## WHAT IS REQUIRED
Beginning at the top of the data below, restate every line word for word until the line containing "科技讯 北京时间7月15日消" has been included, and omit the pictures.

## GIVEN INFORMATION
***

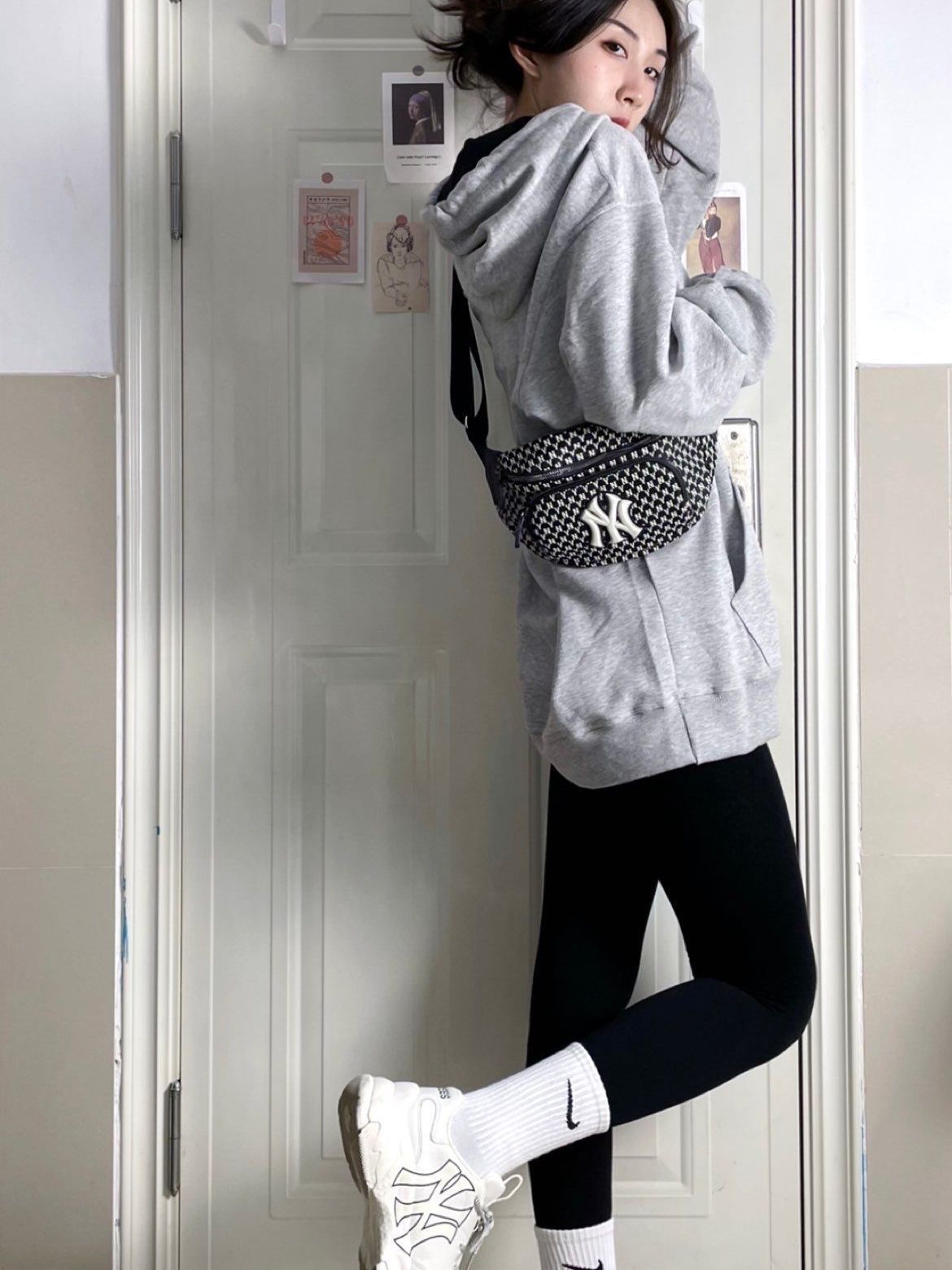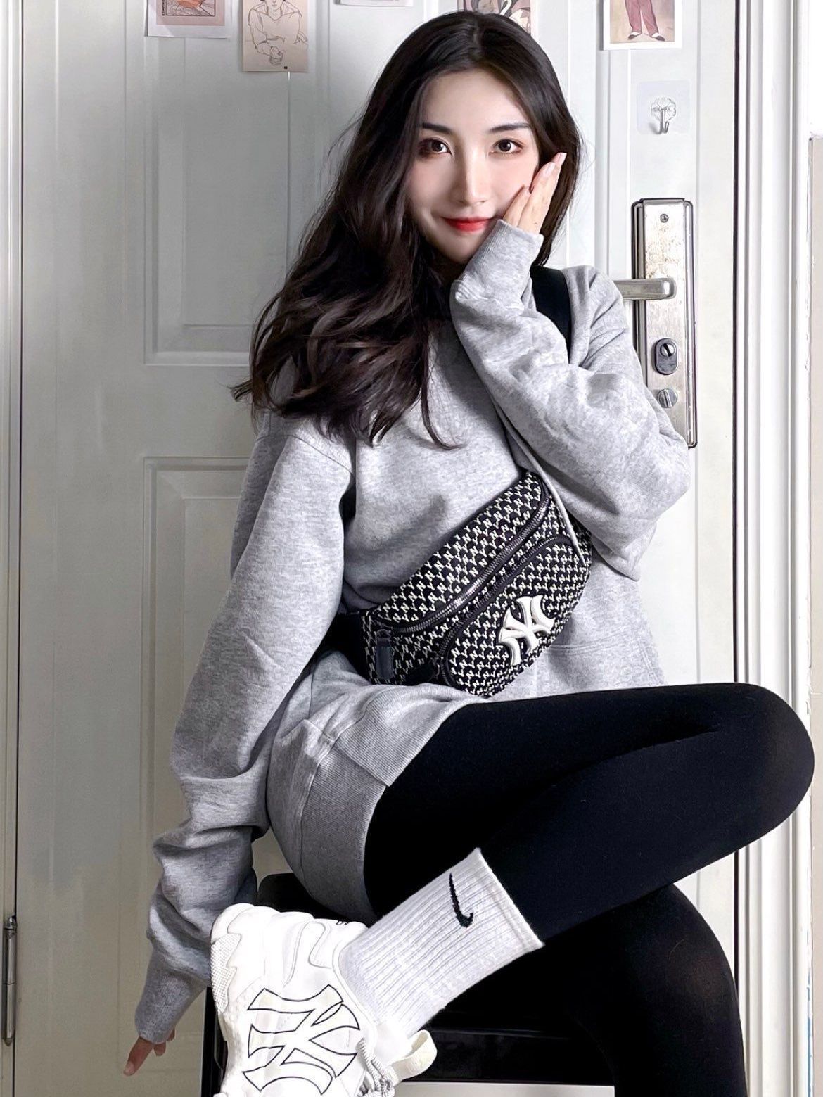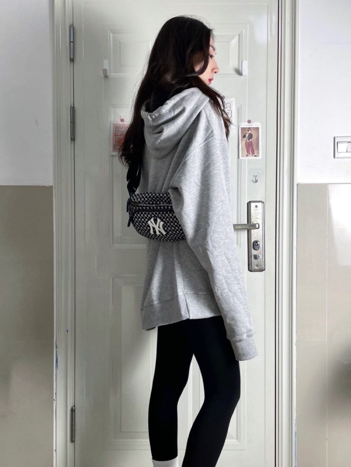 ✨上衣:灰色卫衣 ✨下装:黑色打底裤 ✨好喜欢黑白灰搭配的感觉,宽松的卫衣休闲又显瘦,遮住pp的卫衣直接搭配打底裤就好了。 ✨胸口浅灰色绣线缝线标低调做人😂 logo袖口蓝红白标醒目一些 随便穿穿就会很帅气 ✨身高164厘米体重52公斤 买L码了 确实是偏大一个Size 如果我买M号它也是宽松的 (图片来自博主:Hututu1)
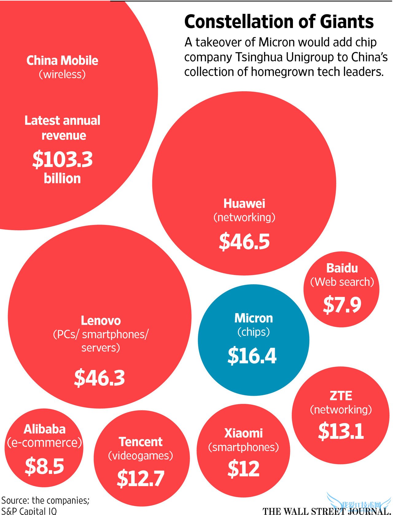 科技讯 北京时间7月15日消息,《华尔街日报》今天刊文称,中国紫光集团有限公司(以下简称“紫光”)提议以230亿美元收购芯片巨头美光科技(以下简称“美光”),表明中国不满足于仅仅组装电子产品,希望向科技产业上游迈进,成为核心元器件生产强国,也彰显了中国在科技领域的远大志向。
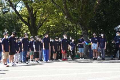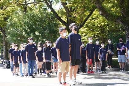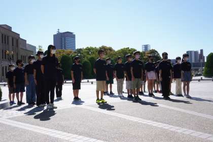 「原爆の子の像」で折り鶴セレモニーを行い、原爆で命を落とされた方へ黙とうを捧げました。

***

## TASK RESULT
 ✨上衣:灰色卫衣 ✨下装:黑色打底裤 ✨好喜欢黑白灰搭配的感觉,宽松的卫衣休闲又显瘦,遮住pp的卫衣直接搭配打底裤就好了。 ✨胸口浅灰色绣线缝线标低调做人😂 logo袖口蓝红白标醒目一些 随便穿穿就会很帅气 ✨身高164厘米体重52公斤 买L码了 确实是偏大一个Size 如果我买M号它也是宽松的 (图片来自博主:Hututu1)
 科技讯 北京时间7月15日消息,《华尔街日报》今天刊文称,中国紫光集团有限公司(以下简称“紫光”)提议以230亿美元收购芯片巨头美光科技(以下简称“美光”),表明中国不满足于仅仅组装电子产品,希望向科技产业上游迈进,成为核心元器件生产强国,也彰显了中国在科技领域的远大志向。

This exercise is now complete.